Heavenly Creature. No, this is
not some sort of singular reboot of Peter Jackson's
Heavenly Creatures, but is in a
very real a rather thought provoking companion piece to Alex Proyas' film version of Philip K. Dick's
I, Robot. A young, somewhat impetuous
computer repairman named Park (Kim Kang-woo) is called out to look at a robot (looking
very similar to the one
in
I, Robot) which is an attendant of sorts at a Buddhist monastery. The problem is that the robot has
developed its own innate spirituality and has in fact achieved enlightenment. Neither the computer repairman nor
higher ups in the computer firm know quite what to make of this startling development, but they are quite obviously
threatened by it.
This is probably the best, or at the least the most thoughtful, segment of the three in
Doomsday Book, though it
tends to get a little hyperbolic at times, with various proponents and antagonists screaming at each other about the
idea of whether or not the robot could have this level of intelligence. As with anything revolving around philosophy and
religion, this is an awfully talky enterprise, especially toward its endgame, when the needlessly villainous head of the
computer company shows up to "terminate" the enlightened Buddha robot. But there is something very interesting
about
Heavenly Creature as it explores the dialectic between humans depending on technology and humans
being dominated or even threatened by that selfsame technology. There is a rather peculiar little twist at the very end
of this segment that I'm not quite sure is trying to say, other than that the tethers between men and technology are
tighter and more interwoven than probably any of us care to admit.

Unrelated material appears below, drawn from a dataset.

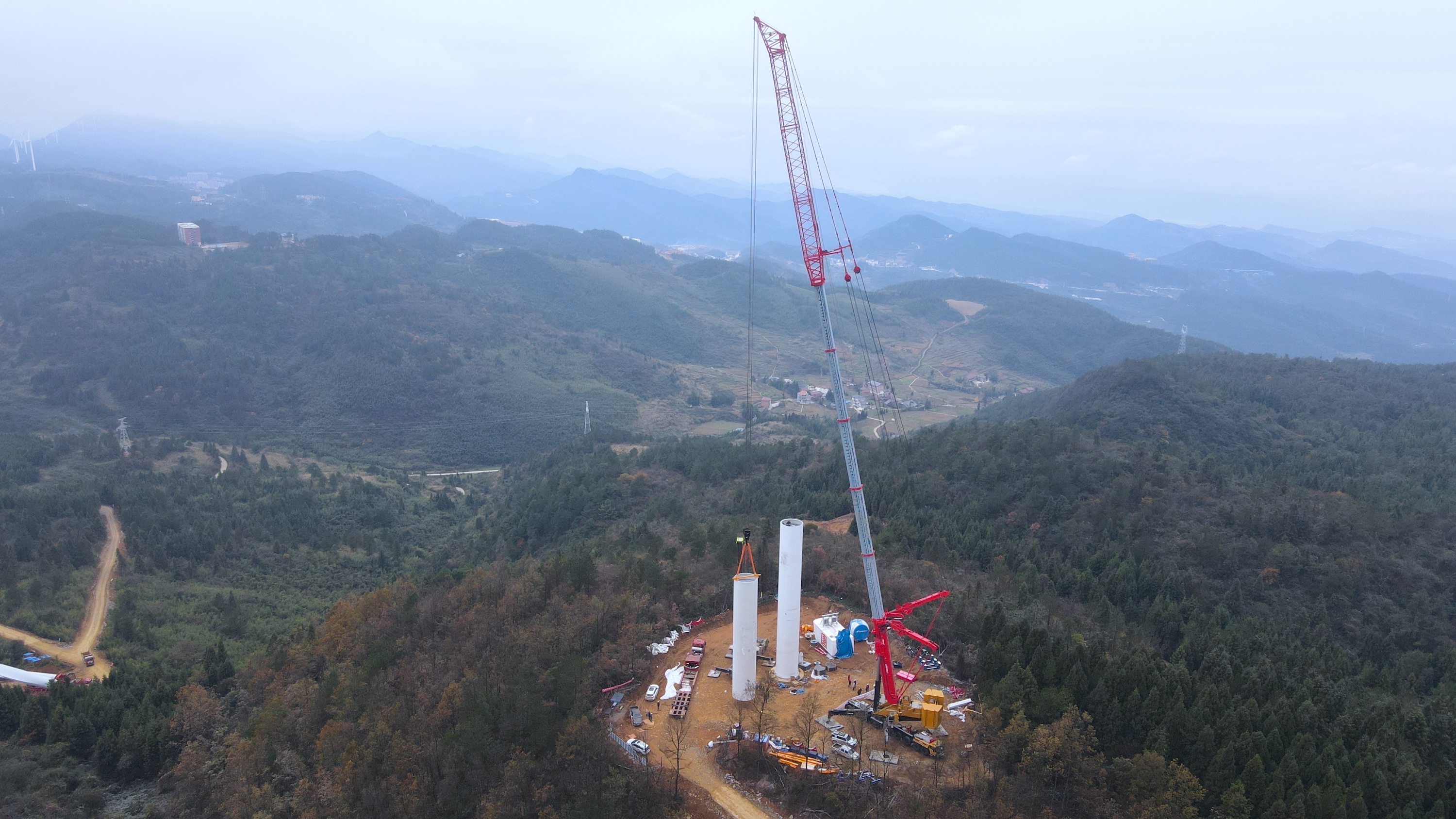 由于山地风电塔筒运输困难,加上天气条件较差,整整拖了10天才开始吊装第一、二节塔筒,吊载总重量分别为72.6t、81.6t。其实吊装当天风速并不理想,左侧达到5级,后方达到了6级,但大家都知道不能再等下去了。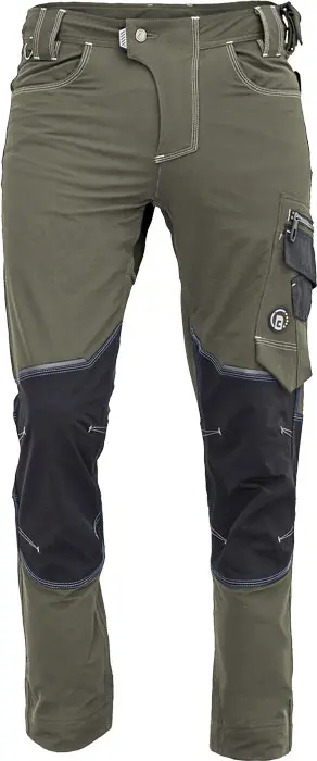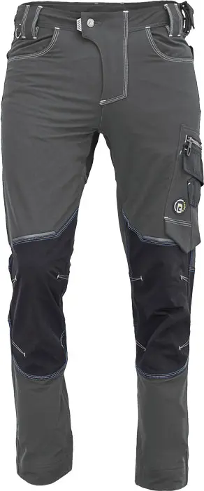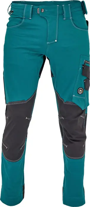 Pánské pracovní kalhoty, elastický inovativní materiál TRIFIBETEX PRO®, slim střih, snížený pružný pas, odolné trojité prošití nohavic a sedu, CORDURA zesílená oblast kolen, prostorné multifunkční přední kapsy s poutky na nářadí, 2 zadní kapsy, stehenní kapsa na telefon s klopou a zapínáním na suchý zip, kapsa na metr a nůž, poutko na kladivo, "D" kroužek, poutko na nářadí v pase, originální zpracování zapínání kalhot, reflektivní prvky v barevném odstínu, nastavitelná délka nohavic. Materiál: 90 % polyamide (nylon), TRIFIBETEX-PRO, 240 g/m2, 10 % elastane. Velikosti: 46-64

Happy Birthday is a decidedly whimsical entry, and one that contrasts with the worry some parents may have
when watching
Brave New World, as this piece revolves around a child who is worried about how her
parents will react when they find out she's destroyed her father's prized 8 ball in the billiards set to which he is
seemingly addicted. The young girl, named Min-seo (played for the bulk of this segment by Jin Ji-hee), sneaks into her
uncle's room and finds a website to order a replacement, which turns out to be run by aliens who send a meteor sized
8 ball hurtling toward Earth. The segment segues forward two years after the order is placed, to the time when the 8
ball is threatening the planet within just a few hours and Min-seo's family is moving into a bomb shelter they've built.
This is a frankly sort of weird little piece, but it has some laugh out loud moments, especially when it focuses on both
some news reporters as well as a sort of QVC Home Shopping Network that is hawking "survival pods" that hilariously
malfunction during the sales pitch. By contrast, one of the news anchors goes completely berserk on air, revealing her
co-anchor, a married man, has dumped her for a younger reporter at the station. This sort of silliness doesn't play
particularly well into the apocalyptic motif
Doomsday Book wants to exploit, but it makes for some extremely
amusing interplay between the characters. The denouement of this segment isn't particularly satisfying, though it does
include some great looking VFX.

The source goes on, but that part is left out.